Similarly, in the mediate comparison of quantities, if we are told that A and C are both of them unequal to B, we can infer nothing as to the relation of C to A.Hence the premises-- No electors are sober; No electors are independent-- however suggestive, do not formally justify us in inferring any connection between sobriety and independence.

Formally to draw a conclusion, we must have affirmative grounds, such as in this case we may obtain by obverting both premises: All electors are not-sober; All electors are not-independent: .'.

Some who are not-independent are not-sober.
But this conclusion is not in the given terms.
(6) (a) If one premise be negative, the conclusion must be negative: and (b) to prove a negative conclusion, one premise must be negative.
(a) For we have seen that one premise must be affirmative, and that thus one term must be partly (at least) identified with the Middle.

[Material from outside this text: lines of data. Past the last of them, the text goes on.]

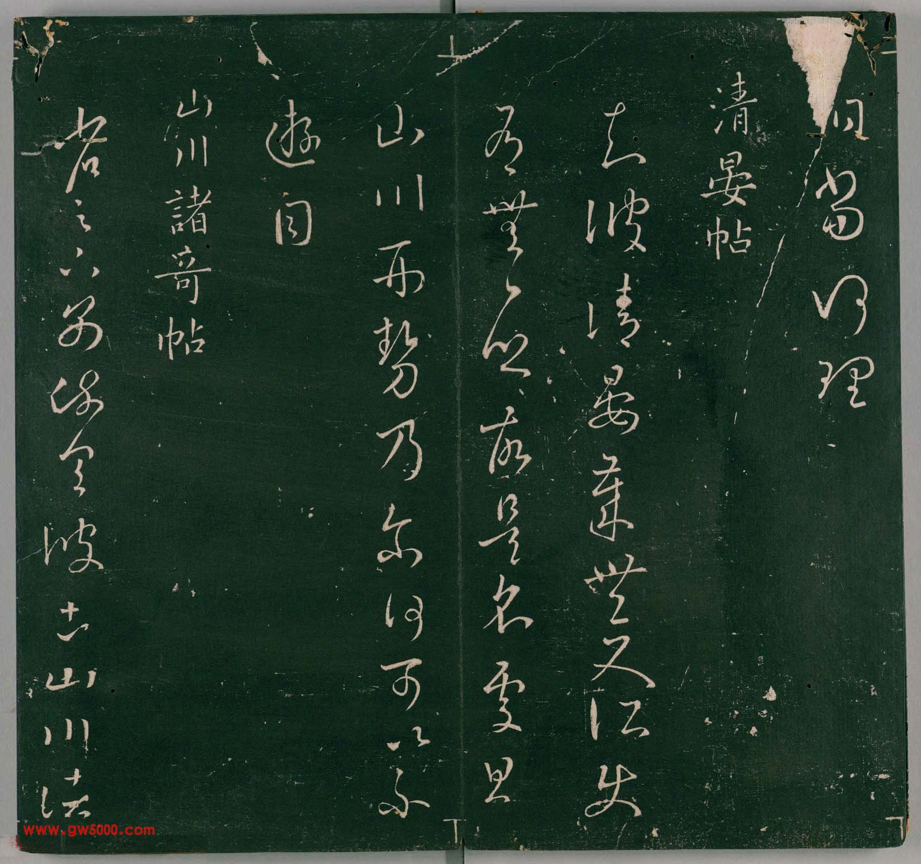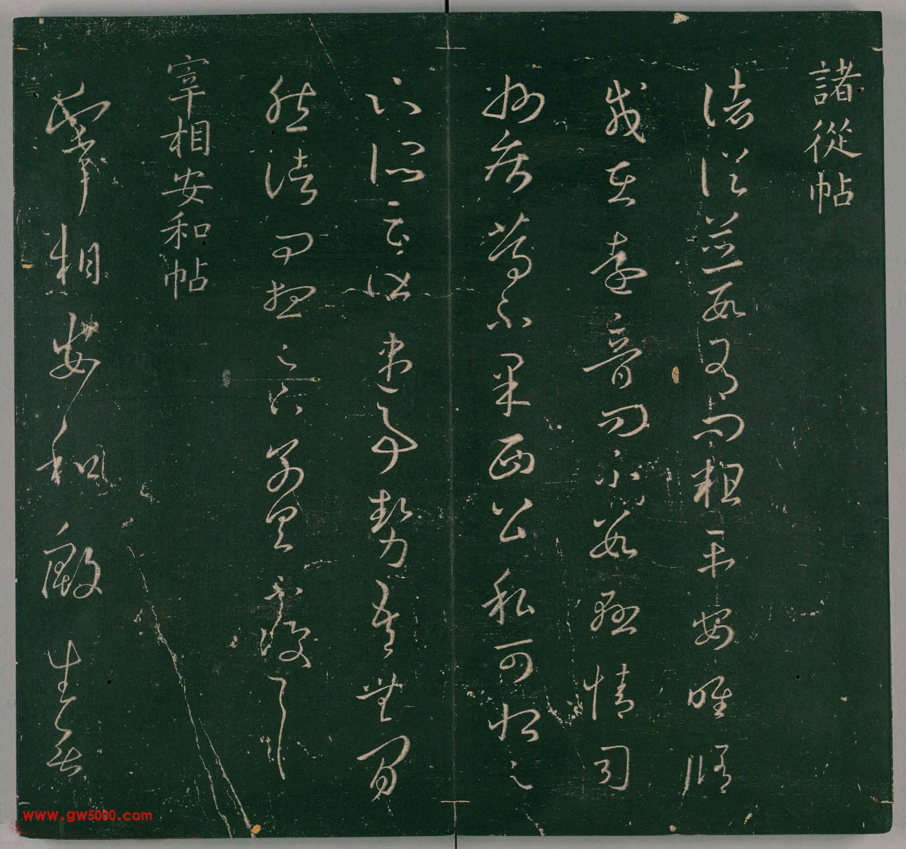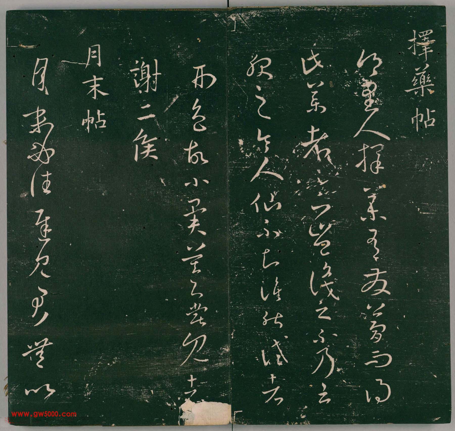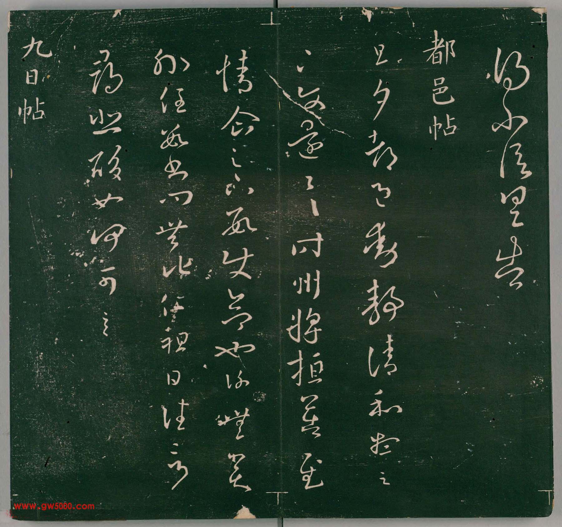 二王像:右軍(王羲之),破羌帖,成都城池帖,此郡帖,清晏帖,講堂帖,都邑帖,七十帖,兒女帖,諸從帖,宰相安和帖,昨見君歡帖,谯周帖,餞行帖,蔡家賓至帖,極寒帖,玉潤帖,積雪凝寒帖,來禽帖,毒熱帖,秋月帖,霜寒帖
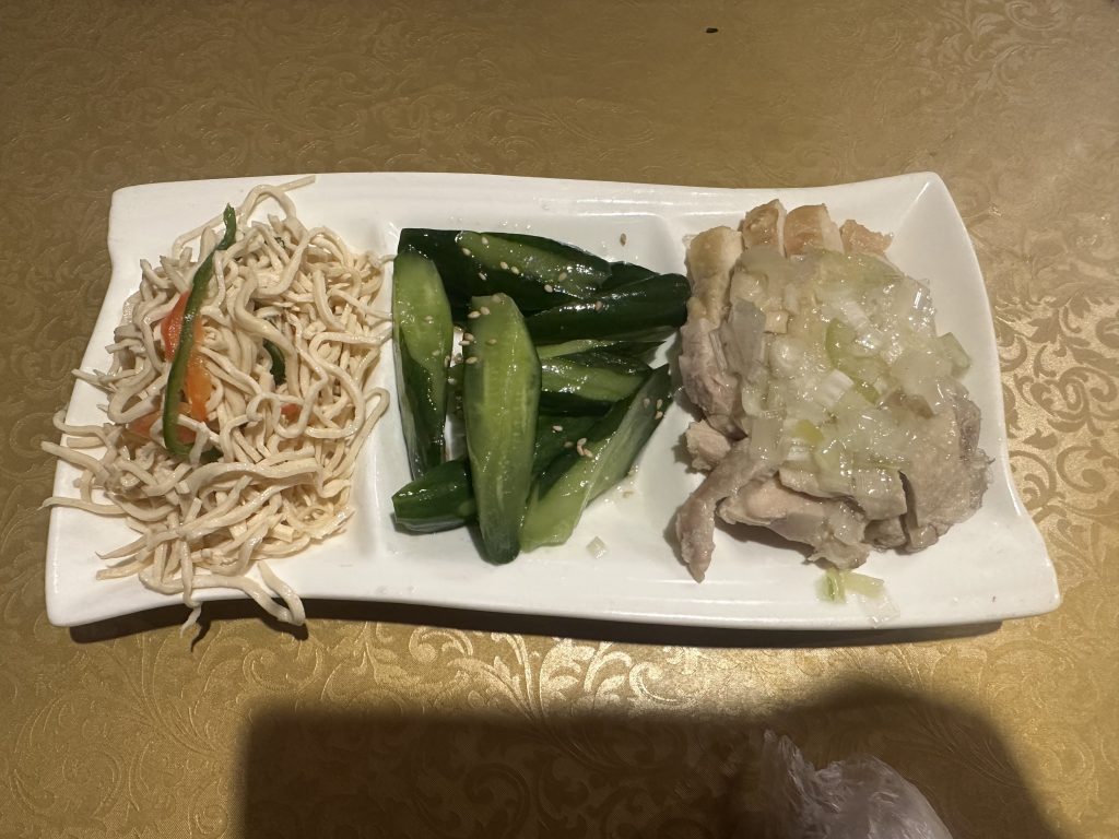 鶏肉のネギソースはあっさり塩ベース。歯応えあって美味しい。
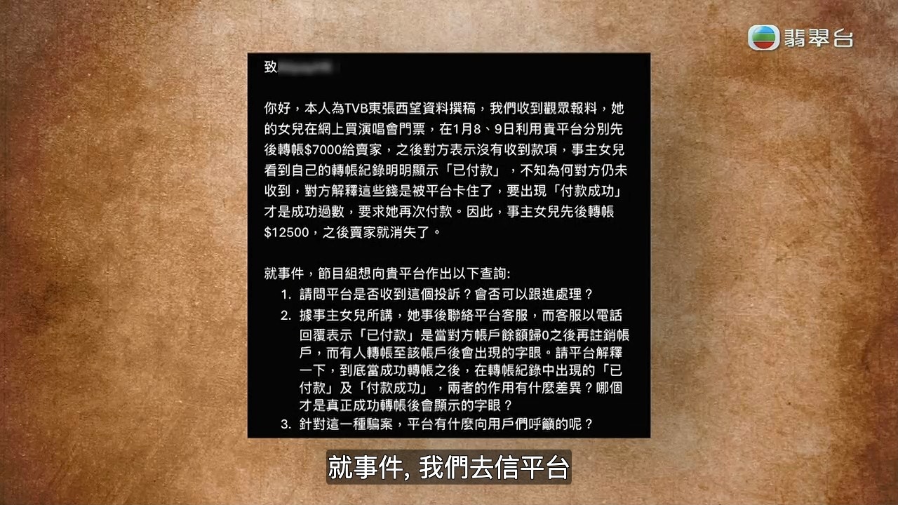 朱文慧小背心出鏡。(《東張西望》截圖)事主表示,女兒在平台購買演唱會門券,初次過數成功後,騙徒籍口收不到錢又叫女兒多次入數,終損失了$12,500 。《東張西望》去信平台,平台指有關用戶已取消了戶口,所以顯示是 「已付款」 而不是「付款成功」。事主表示,報《東張》原意是覺得騙徒手法較新,希望沒人會再受騙。 朱文慧報道騙案。(《東張西望》截圖) 朱文慧報道騙案。(《東張西望》截圖) 騙徒手法層出不窮。(《東張西望》截圖) 騙徒手法層出不窮。(《東張西望》截圖)
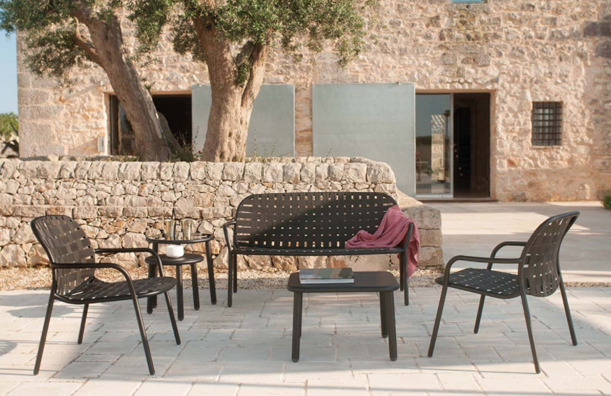 L’intreccio di cinghie elastiche, accoppiate in modo innovativo alla struttura in alluminio dalle linee sofisticate, dá vita ad un insieme dallo stile insolito ed eclettico e dal comfort accentuato, pienamente fruibile per uso esterno.

If, then, the other premise, being negative, predicates the exclusion of the remaining term from the Middle, this remaining term must be excluded from the first term, so far as we know the first to be identical with the Middle: and this exclusion will be expressed by a negative conclusion.

The analogy of the mediate comparison of quantities may here again be noticed: if A is equal to B, and B is unequal to C, A is unequal to C.
(b) If both premises be affirmative, the relations to the Middle of both the other terms are more or less inclusive, and therefore furnish no ground for an exclusive inference.